Fundamental for the destiny of an aerosolized particle is its aerodynamic diameter, determined by geometrical diameter, density, and form.52 Only particles with a diameter between 5 and 0.5 μm can reach and stay in the lung: bigger particles impact on upper airways’ mucosa, while smaller ones usually reach alveoli but are also exhaled away since they fail to lay on the epithelium.52,53 The mass median aerodynamic diameter (MMAD), geometric standard deviation (GSD), and fine particle fraction (FPF, %, <5 μm) of the eFlow® CS system have values independent of formulation strength. For both strengths tested, the mean MMAD was 3.7 μm, the mean GSD was 1.7, and the mean FPF was 72%. As expected in tidal breathing conditions, aerosol is expelled to waste during the exhalation phase. Compared to general purpose nebulizers, which can nebulize different drugs, to avoid incorrect dosing of the medication, the eFlow® CS uses a unique ready-to-use unit-dose vial, designed to mitigate misuse and ensure dose uniformity.3,52,54 The device requires to be disassembled and cleaned after each use to prevent clogging of the mesh openings. At the time of this review, the eFlow® system used for cystic fibrosis is being sold for $800–1,000.51

Traditional nebulization route has some limits indeed, especially in regard to the output variation between different nebulizers of the same type. In fact, factors affecting nebulizer output are inextricably linked with those affecting particle size and nebulization time.55 Output can be diminished if the jet is blocked with dirt or drug crystals. Repeated uses may increase the diameter of the air orifice thus increasing the mean diameter of the droplets generated and reducing the air speed. This aging may be due to mechanical wear from the compressed air source or to excessive cleaning. Nebulizers designed to deliver small particles may have increased residual volume, decreasing drug output and increasing recirculation of the nebulizer solution, thus lengthening nebulization time. Increasing the volume fill improves drug output but lengthens nebulization time. Increasing driving gas flow rate may help, but for home use a higher performance compressor may be needed.56 Another disadvantage is represented by the need of the end-user to load the medication prior to each administration.57

Despite some drawbacks associated with nebulizers, current evidence suggests that the efficacy of treatments administered to patients with moderate-to-severe COPD via nebulizers is similar to that observed with pMDIs and DPIs.20–23 Furthermore, for some patients, the use of both a nebulizer as maintenance therapy and a handheld inhaler as rescue medication may provide the best combination of efficacy and convenience.

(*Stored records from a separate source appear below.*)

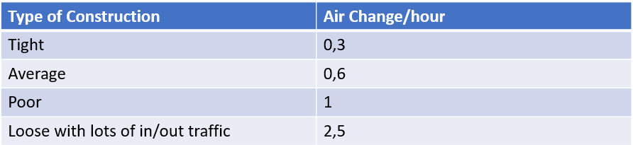 All you have left to do is to calculate the ventilation rate V by multiplying the volume of your room by the change of air per hour. Moreover, here is an indication of the air change per hour depending on your room’s construction.
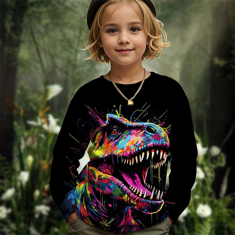 Boys 3D Dragon Tee Shirts Long Sleeve 3D Print Spring Fall Sports Fashion Streetwear Kids 3-12 Years Crew Neck Outdoor Casual Daily Regular Fit
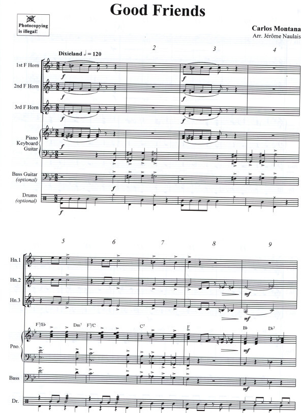 für 3 Hörner in F & Klavier (Gitarre, Bassgitarre & Drums ad libitum)
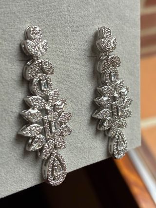 Elegantes pendientes largos con un diseño detallado y brillante. - Diseño tipo chandelier. - Detalles en forma de hoja y lágrima. - Cierre de presión.
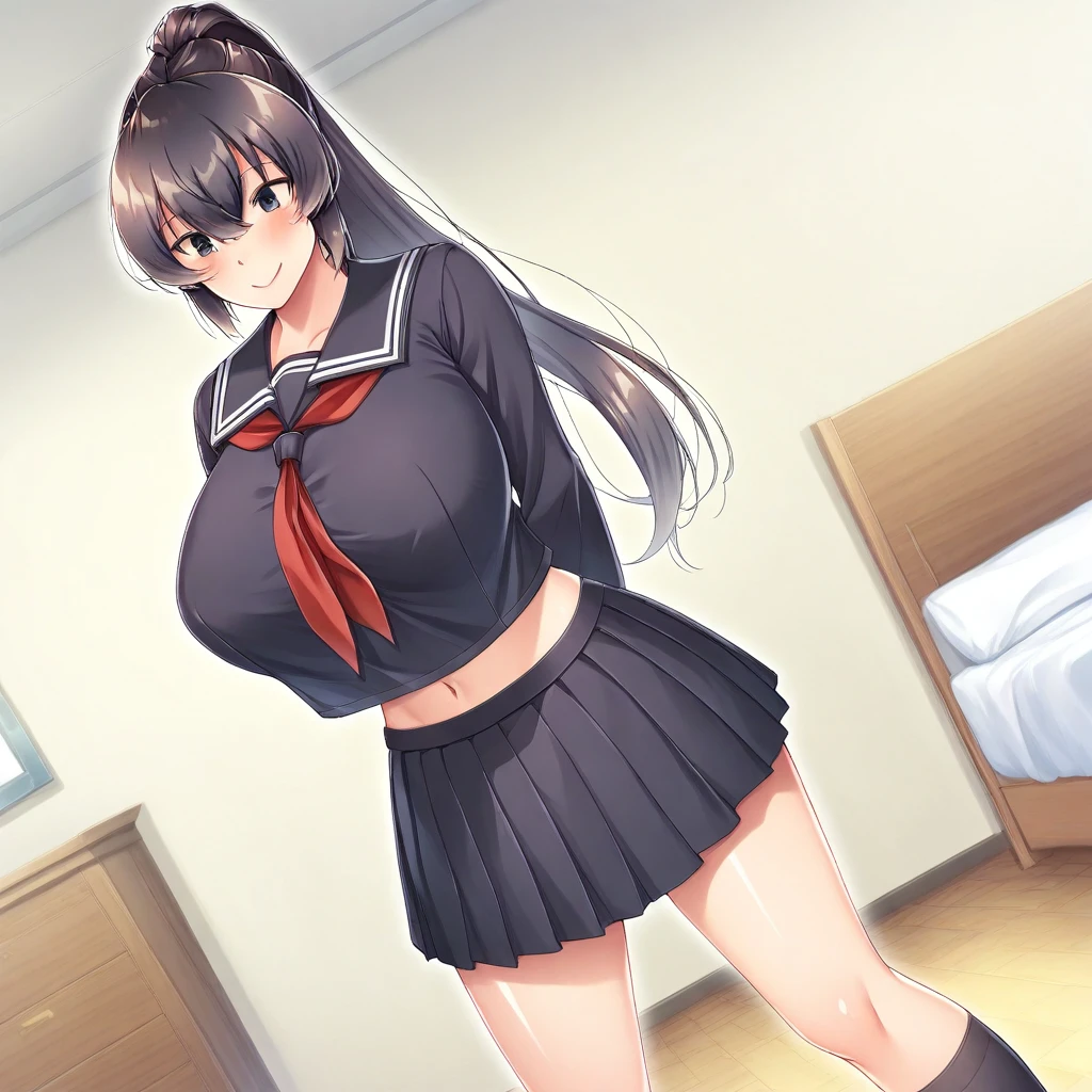 Recommend Prompt:Isana Tachibana, black eyes, slant eyes, black hair, long hair, ponytail,
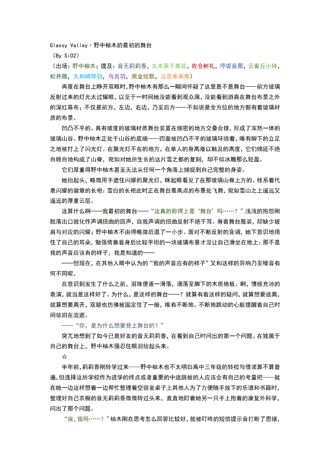 Glassy Valley·野中柚木的最初的舞台
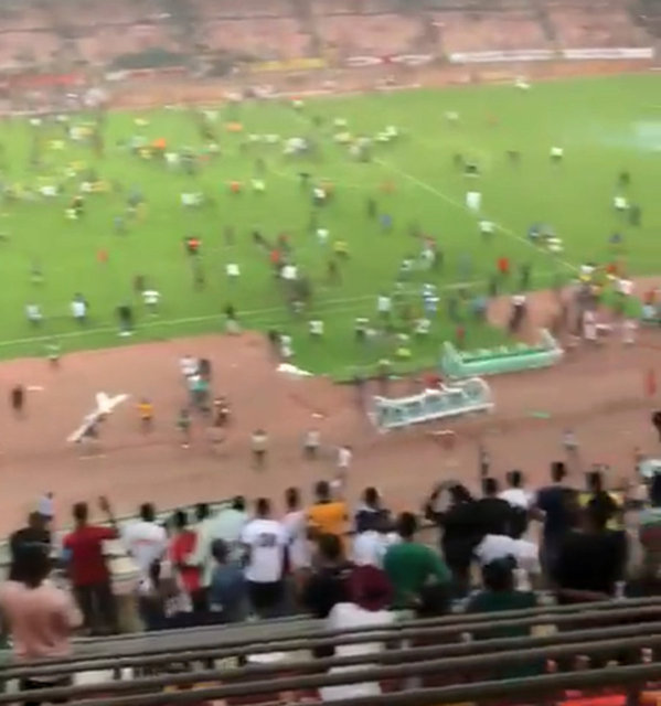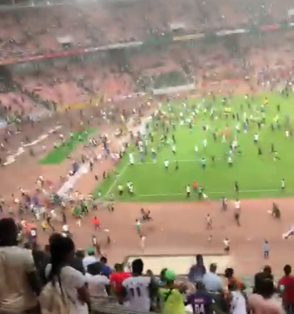 Nijerya'nın turnuvaya veda etmesine öfkelenen taraftarlar sahayı indi. Skora kızan taraftarlar, saha içinde futbolcuları kovaladı.
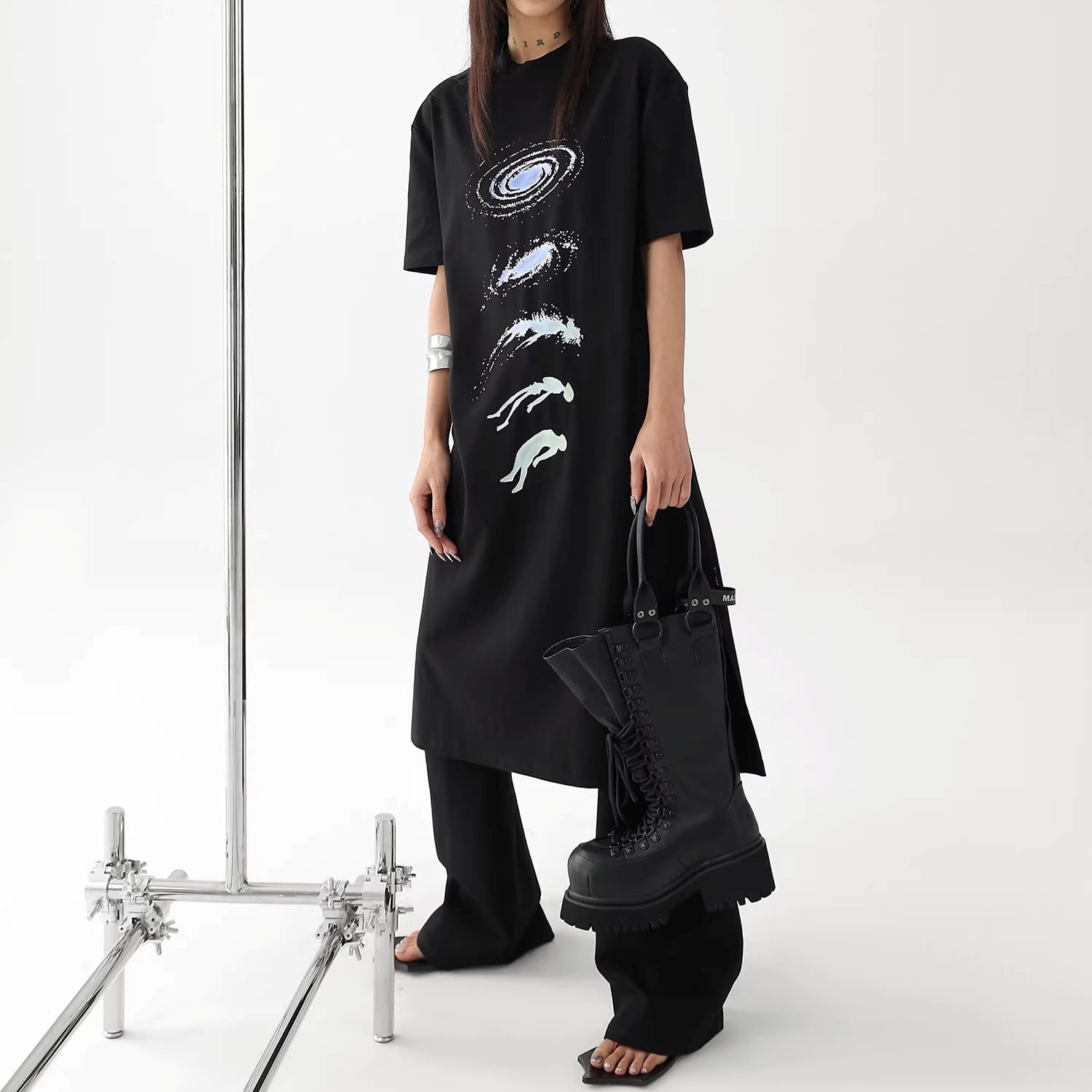 半袖 ミディ丈 サイドスリット Tシャツワンピース 3color ATO0216
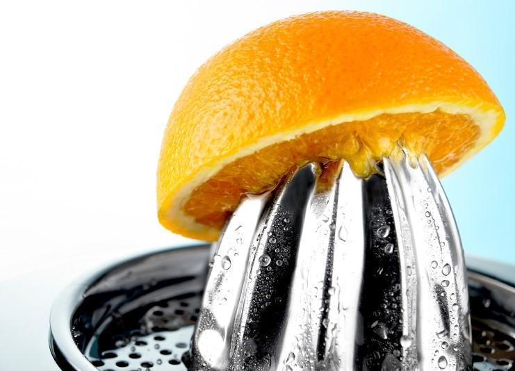 A seguir, corte as laranjas pela metade e com a ajuda de um espremedor extraia todo o seu suco natural. Jogue na panela e, a fogo suave, aguarde até ferver. Quando tiver atingido o ponto máximo de ebulição, baixe o fogo e prove para temperar com sal e pimenta a gosto.
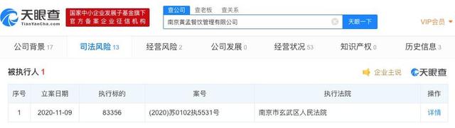 天眼查App顯示,近日,南京黃孟餐飲管理有限公司新增一條被執行人信息,執行法院為南京市玄武區人民法院,案號為(2020)蘇0102執5531號,執行標的83356。據新京報報道,黃磊和孟非共同經營的火鍋店“黃粱一孟”所屬公司即為南京黃孟餐飲管理有限公司。目前,該店已經閉店。此外,今年9月,南京黃孟餐飲管理有限公司發生工商變更,黃磊退出投資人。

Pharmacology of glycopyrrolate via nebulizer

Chemistry and pharmacokinetics

Glycopyrronium, the active moiety of its bromide salt, also known as glycopyrrolate, is an antimuscarinic drug that was initially approved by the FDA for systemic administration for the reduction of sialorrhea due to preoperative stages, neuromuscular, and drug-related diseases58,59 and due to the property of reducing gastric secretions, as a treatment for peptic ulcer.60 It is a quaternary ammonium derivative – (1,1-dimethylpyrrolidin-1-ium-3-yl) 2-cyclopentyl-2-hydroxy-2-phenylacetatethat61 – with a peripheral effect similar to atropine. The chemical structure of GB is reported in Figure 2.

Figure 2

Chemical structure of glycopyrronium bromide (left) and its plasma metabolite M9 (right).

Note: M9 is formed through nonenzymatic hydrolysis of glycopyrronium bromide.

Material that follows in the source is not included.